Sunday, February 24, 2008

An Artist's Journey Through Sin: Learning to Forgive Oneself

Something interesting that I noticed while reading Joyce's A Portrait of the Artist as a Young Man was how huge of a role confession played in the book. Stephen must confess his sins to the priest and is given a penance to help redeem himself. Despite this, he constantly struggles with finding it within himself to forgive his own actions. This is an interesting twist on my Big Question. Stephen denies his senses as a means of his own personal penance (Chapter 4), constantly telling himself that he is horrible and always reflecting back to the sermon on hell (Chapter 3). He considers becoming a priest himself, but he cannot imagine having to listen to other people confess their own sins to him.

It isn't until he truly finds himself that he can forgive himself for his actions. Once he realizes how much his experiences shape him and his art, he realizes that what he did may have been wrong, but it was actually the right thing for him to do. He is able to forgive himself for his actions and fully understand how he needs experiences to write, to become a poet. This whole thing contributes to his journey as an artist, and in turn, his heroic journey.

Joyce's novel has added an interesting new facet to my Big Question. I think it is interesting how Stephen does not long for the forgiveness of others, but rather forgiveness from himself. I think forgiving oneself is the hardest because you know every aspect and it is an interal battle that you experience. Stephen becomes a stronger man and artist for enduring it.

Forgiveness During the Holocaust: A Perspective from The Book Thief

In Markus Zusak's novel The Book Thief, Liesel must learn to forgive her own people for following Hitler's ideology and persecuting the Jews. She befriends Max, a young Jewish man who her foster parents are hiding in their basement. The two develop an unlikely friendship, and through his stories about his life and how he feels about being persecuted, Liesel must come to terms with the fact that she is not like the other German people who openly hate and harm the Jews. She also must learn to forgive them for burning what she finds to be the most prized objects--books.

For much of the novel, Liesel feels resentment towards many of the people she encounters--her mother for abandoning her, her neighbor for how she treats her foster family, even her own people. But as she grows up and learns more an more about each person and why they are they way they are, she slowly begins to forgive each one of them. Through an understanding she develops a respect for decisions that she never dreamt of having before. Her interactions with Max teach her that life is far too short and fragile to waste on holding grudges or hating your fellow man.

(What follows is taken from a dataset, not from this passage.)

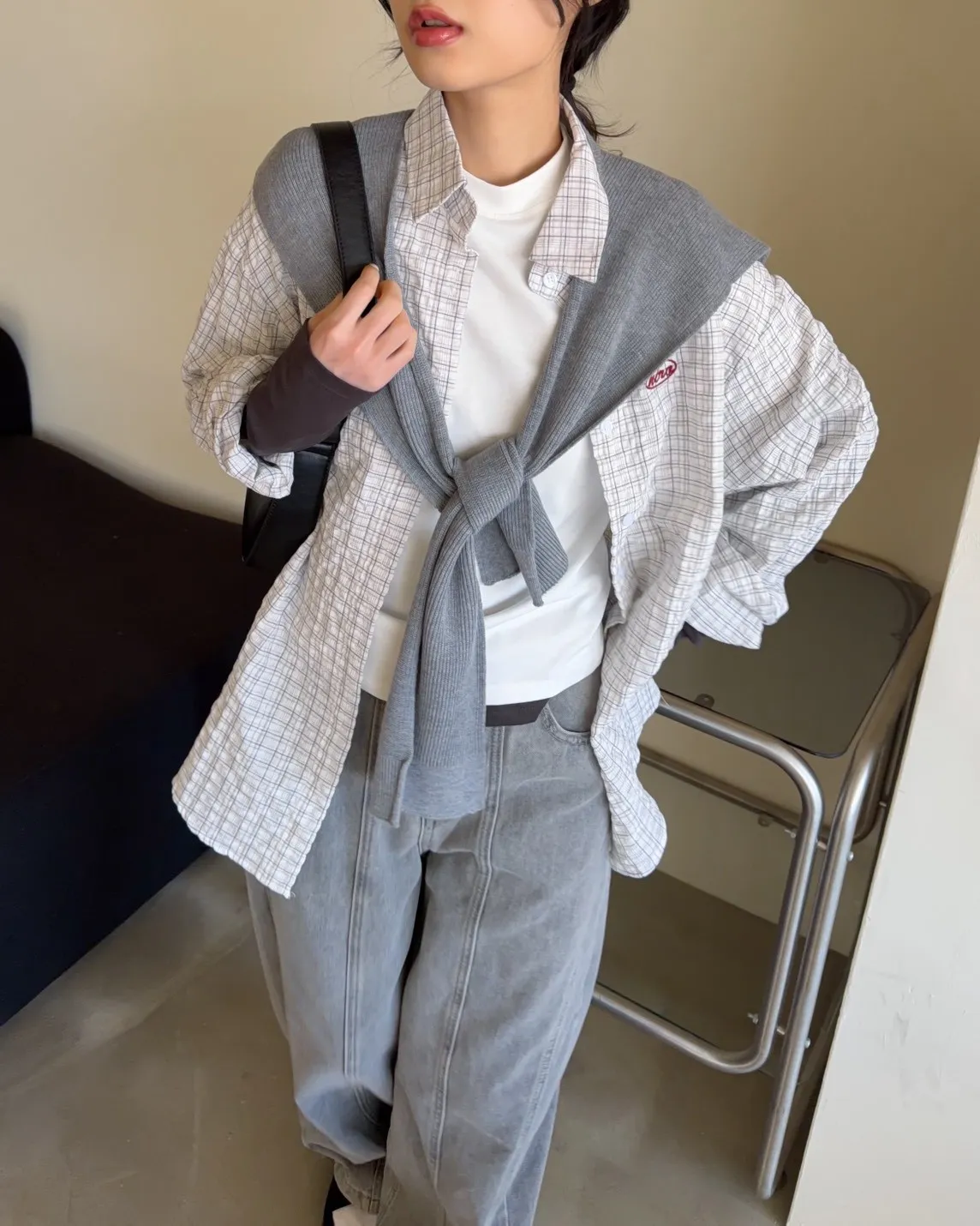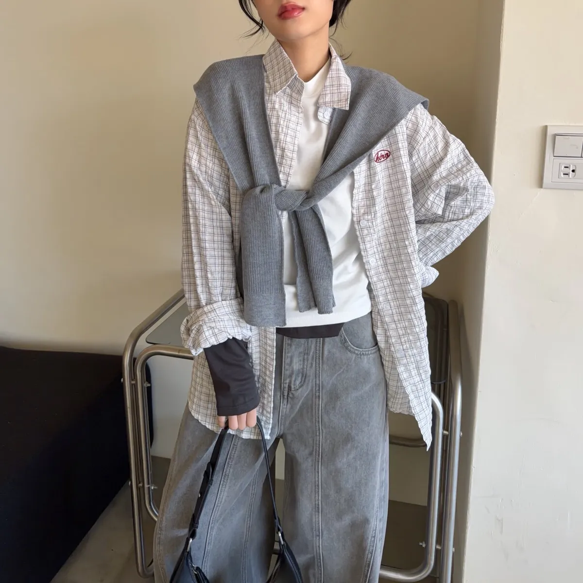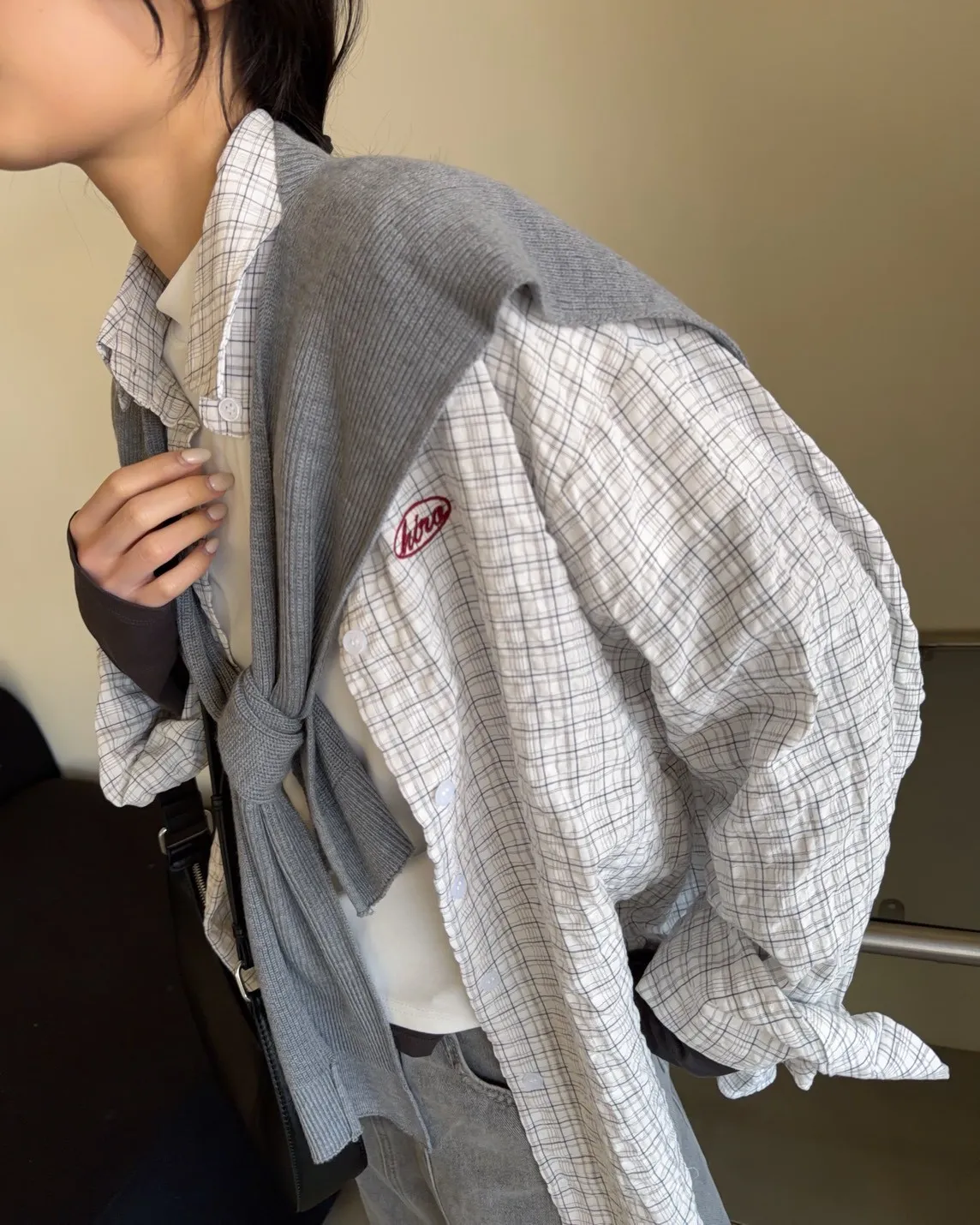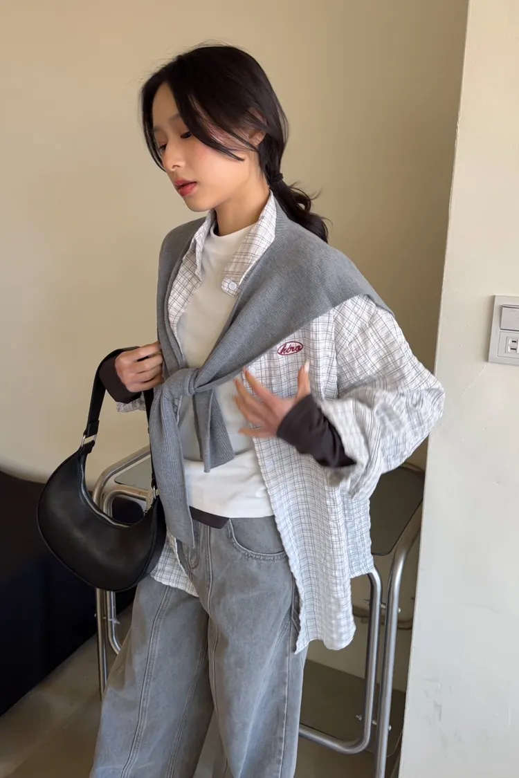 白色襯衫-紅色刺繡-灰色披肩
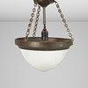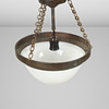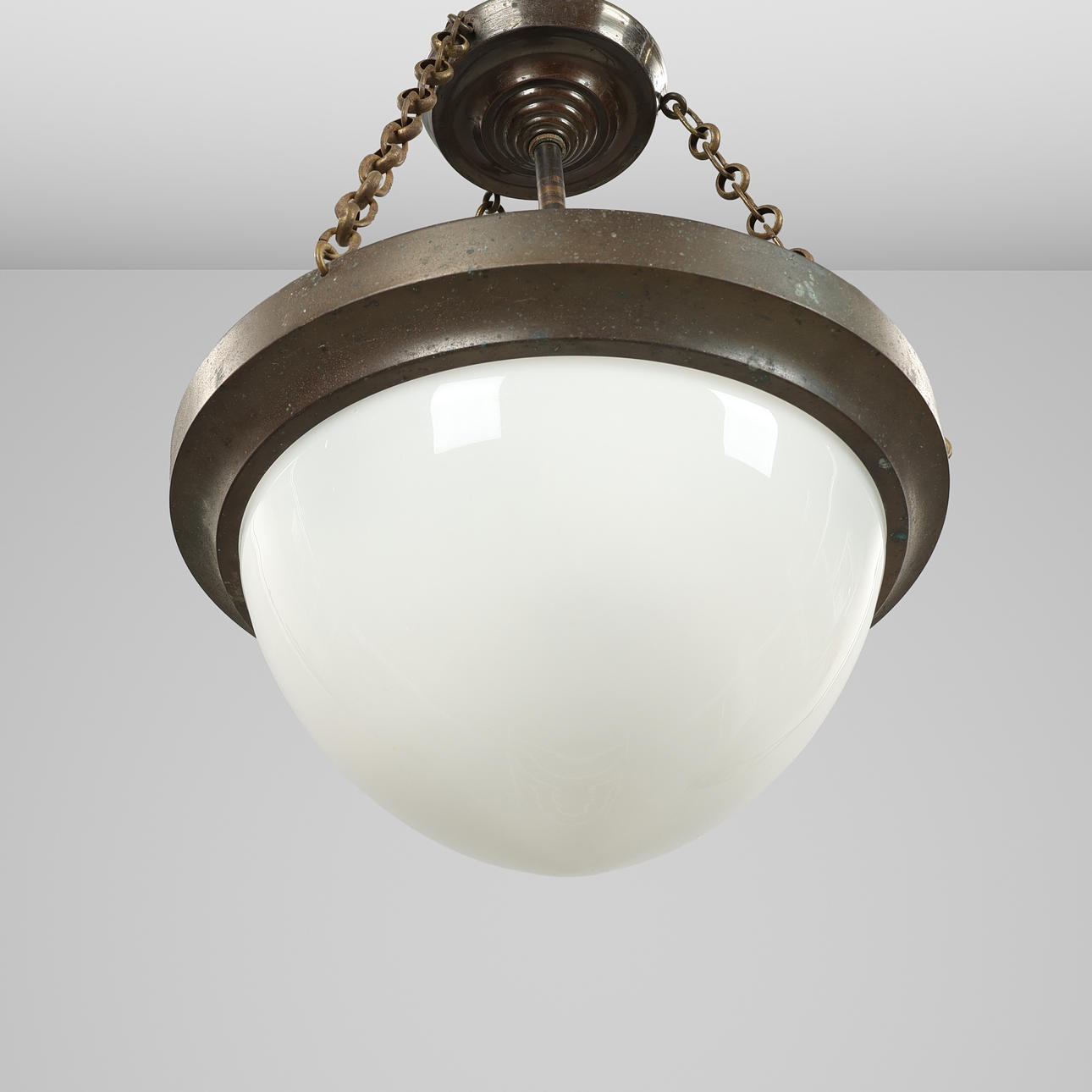 Art Nouveau ceiling lamp with a white opal glass shade, one socket, and fittings and chain suspension in patinated metal, approx. 1920.

Max also struggles with forgiveness. He writes stories like "The Standover Man" in an effort to work through his own hatred for Hitler and how people were blindly following him and his word. Liesel helps him in the same way he helps her. After returning from the concentration camp, he knows he cannot hate all Germans, because he knows that they were manipulated and fed propaganda. He had encountered enough Germans who disagreed with Hitler that he knew he could not despise them all. The easiest thing for him to do is to forgive them for what they had unknowingly done.